OSDev.org

Posted: **Wed Dec 22, 2004 4:32 am**

Hi dudes

Someone posted a suggestion for telling CPU speed on the FAQ

I wrote test code (http://www.sylvain-ulg.be.tf/resources/speed.c) for it and ran usermode linux experiment which is not really concluant.

If anyone has other results, let me know...

When finally stabilizing, the 1550 XORs took 1575 cycles on an AMD x86-64 and 1601 cycles on a Pentium 3 ...

Posted: **Wed Dec 22, 2004 7:13 am**

Hi,

Pype.Clicker wrote: Someone posted a suggestion for telling CPU speed on the FAQ

I wrote test code (http://www.sylvain-ulg.be.tf/resources/speed.c) for it and ran usermode linux experiment which is not really concluant.

If anyone has other results, let me know...

When finally stabilizing, the 1550 XORs took 1575 cycles on an AMD x86-64 and 1601 cycles on a Pentium 3 ...

I'm having trouble determining the entire point of the exercise...

If your test code is designed to measure how many cycles the XOR instruction takes under certain conditions, then fair enough, however I fail to see how it can be useful for determining CPU speed.

If a series of XOR's is being suggested as a replacement for RDTSC on modern CPUs, then it will fail on Pentium IV's as the XOR instruction may take half a clock cycle (if done in execution port 0) or a full cycle (if done in execution port 1) - see here. In addition there's no guarantee that future CPUs won't execute XOR in 1/8th of a cycle, or 16 cycles, or anything else.

If a series of XOR's is being suggested as a RDTSC replacement for older CPUs (that don't support RDTSC), then tests run on modern CPUs is a waste of time (and worrying about pipelining wouldn't be necessary). Also you'd need to test (or at least account for) the differences in these older CPUs - for e.g. an 80386 will take 2 cycles to do a "xor reg32,reg32" instruction, while an 80486 will take 1 cycle - see here. In this case I'd suggest that the "LODSD" instruction would be a better choice, as it consumes 5 clock cycles on all 80486 and older IA32 Intel CPUs. Of course other manufacturers may still vary.

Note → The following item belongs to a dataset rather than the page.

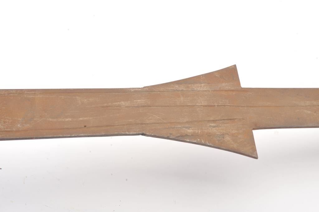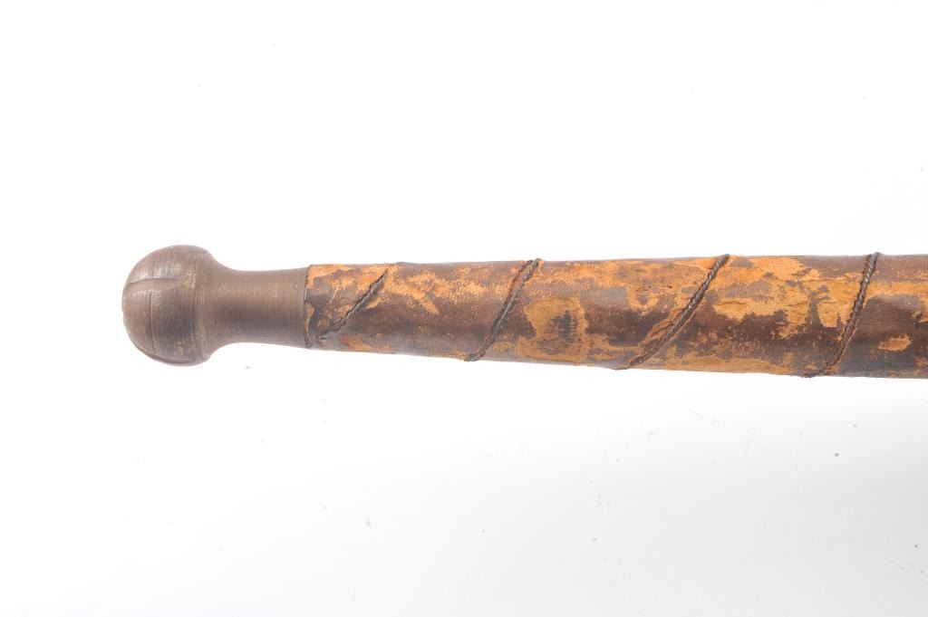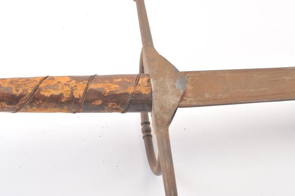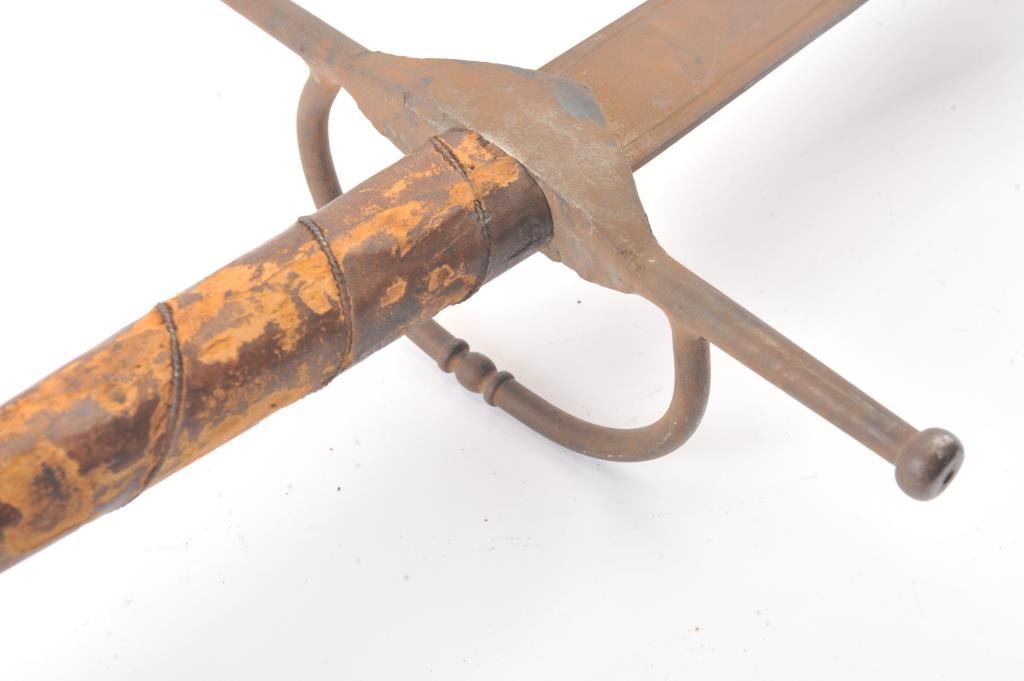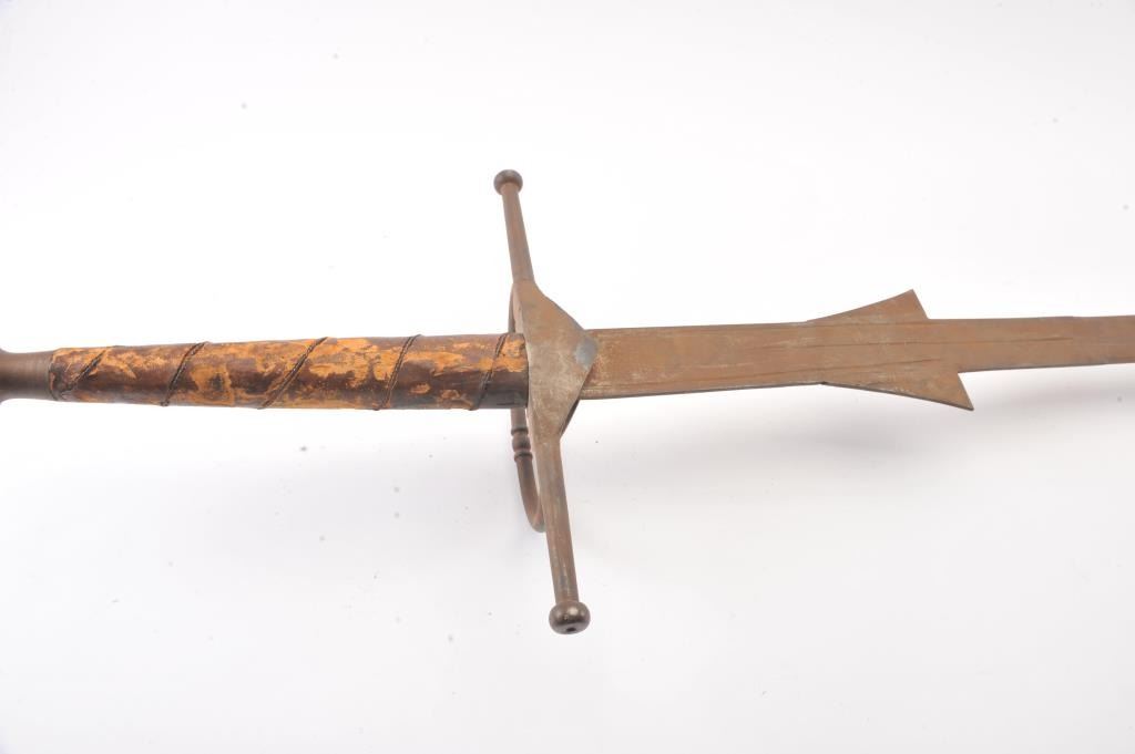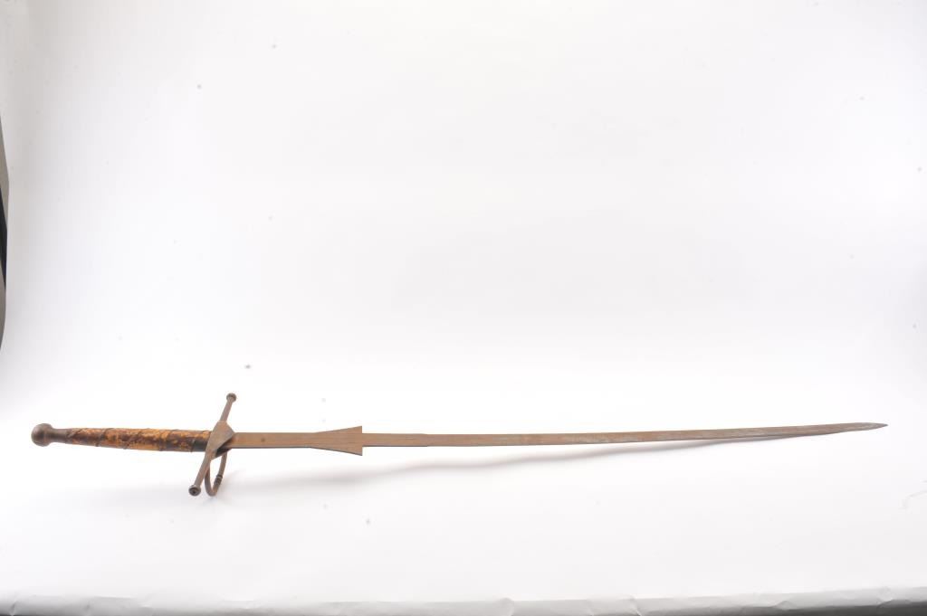 Victorian era two handed sword with well-made iron mounts and wire wrapped leather grip. Measures 70" overall with a 56" blade. Light coating of surface rust. Leather grips show tatters and losses. Large size pommel. In the mid to late 19th century Schmidt and other armourers re-created early arms to display in the castles and great halls of Europe and identical pieces as these are shown in many museums and displays. Est.: $500-$1000

Considering that the CPU's frequency does not relate directly to the performance of the CPU and can't/shouldn't be used for timing loops (without some form of calibration that can easily be CPU-independant), I would question it's usefulness. The only valid use for measuring the CPU's frequency is for display purposes, where it's much simpler to omit it if RDTSC isn't supported. IMHO something that measures actual CPU performance would be of far more practical value for both the user and software (e.g. Linux's BogoMIPS), even if it is only a crude benchmark.

If my poor over-tired brain has missed something in it's attempt to find a purpose, let me know and I'll test the computers I have here...

Cheers,

Brendan

Posted: **Wed Dec 22, 2004 8:05 am**

what i'm trying to do here is cross-validation of the XOR method. Someone suggested to use pipeline-ugly XORs as a way to wait for N CPU cycles, and i'm trying to see if the amount of CPU cycles required for a succession of XORs is predictable across the hardware platforms i have here.

If all platforms say the 775 XORs took N cycles then someone could calibrate a CPU by checking how much real time M XORs take. If various platforms disagree, it means the technique cannot reliably make the CPU wait for M cycles.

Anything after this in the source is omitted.